Fabry-Perot Cavity Control for Tunable Raman Scattering

Abstract

The Fabry-Perot (FP) resonator is an intuitive and versatile optical structure owing to its uniqueness in light-matter interactions, yielding resonance with a wide range of wavelengths as it couples with photonic materials encapsulated in a dielectric cavity. Leveraging the FP resonator for molecular detection, a simple geometry of the metal-dielectric-metal structure is demonstrated to allow tuning of the enhancement factors (EFs) of surface-enhanced Raman scattering (SERS). The optimum near-field EF from randomly dispersed gold nano-gaps and dynamic modulation of the far-field SERS EF by varying the optical resonance of the FP etalon are systematically investigated by performing computational and experimental analyses.
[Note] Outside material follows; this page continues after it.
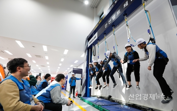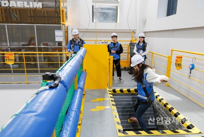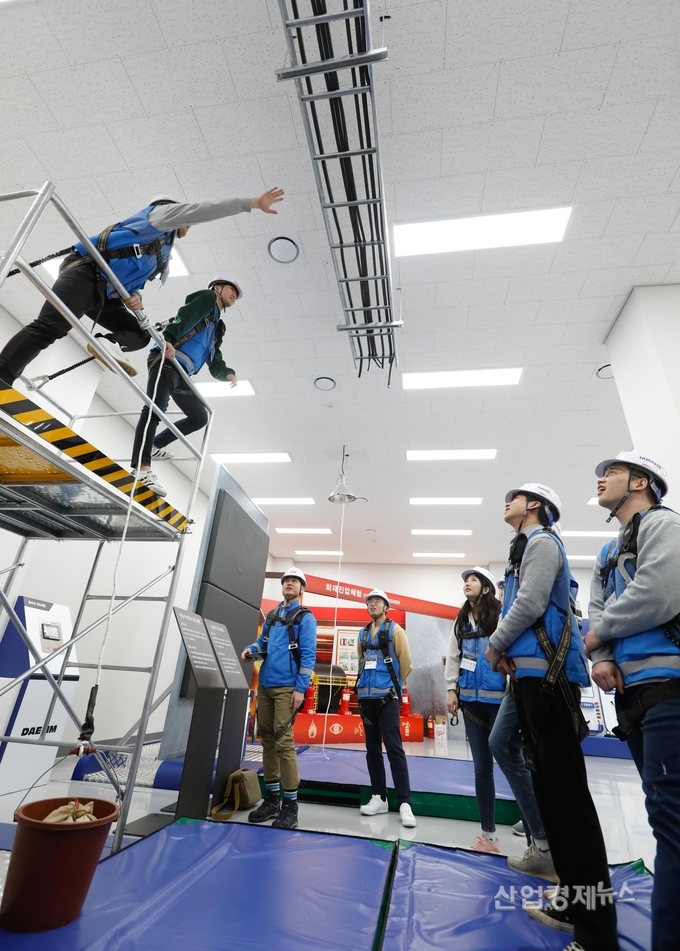 [산업경제뉴스 최기훈 기자] 대림산업이 현장의 안전의식을 제고하기 위해 신입사원들에게 현장 상황을 재현한 안전교육을 실시하고 있다.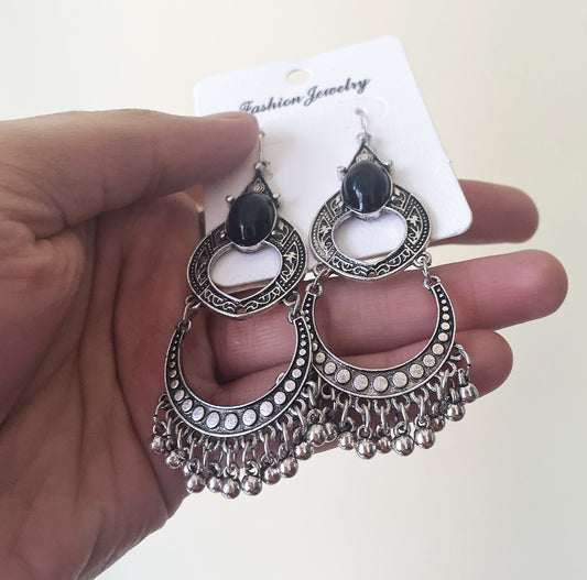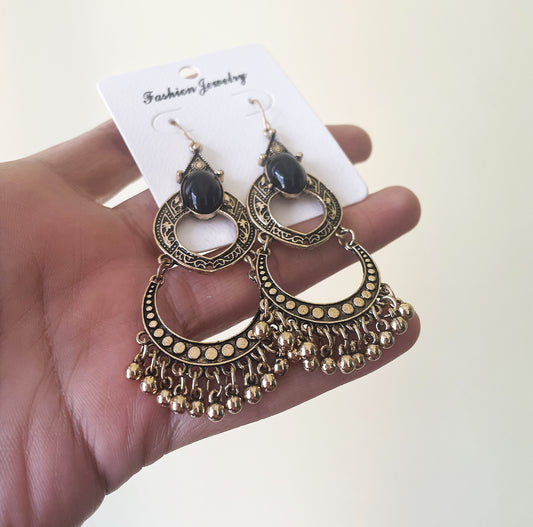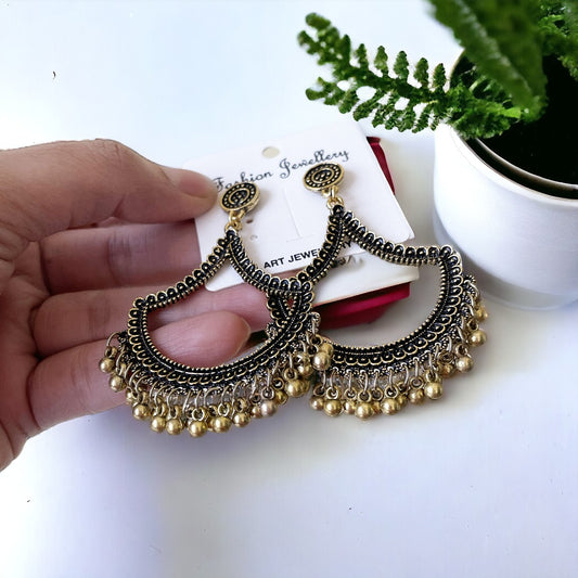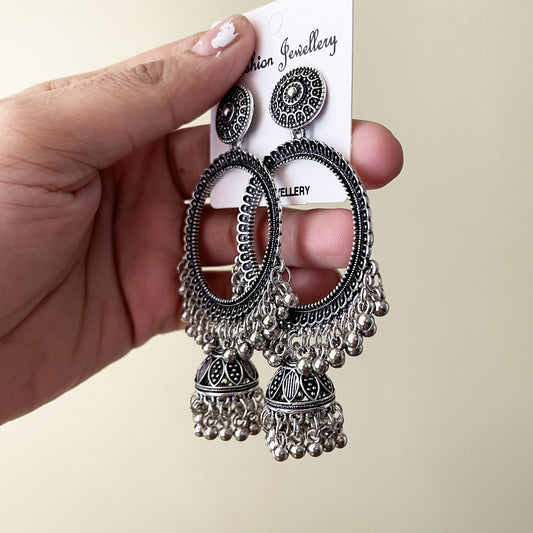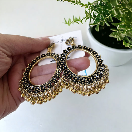 E06 - Golden Oversize Circle Oxidised Jhumka Earring

The proposed strategy of combining plasmonic nanostructures with FP etalons clearly reveals wavelength matching of FP resonance to excitation and scattering wavelengths plays a key role in determining the magnitude of the SERS EF. Finally, the optimum near-field generating optical structure with controlled dielectric cavity is suggested for a tunable SERS platform, and its dynamic SERS switching performance is confirmed by demonstrating information encryption through liquid immersion.

Keywords: Fabry-Perot resonators; encryption; nanocavity; plasmonic nanoparticles; surface-enhanced Raman scattering.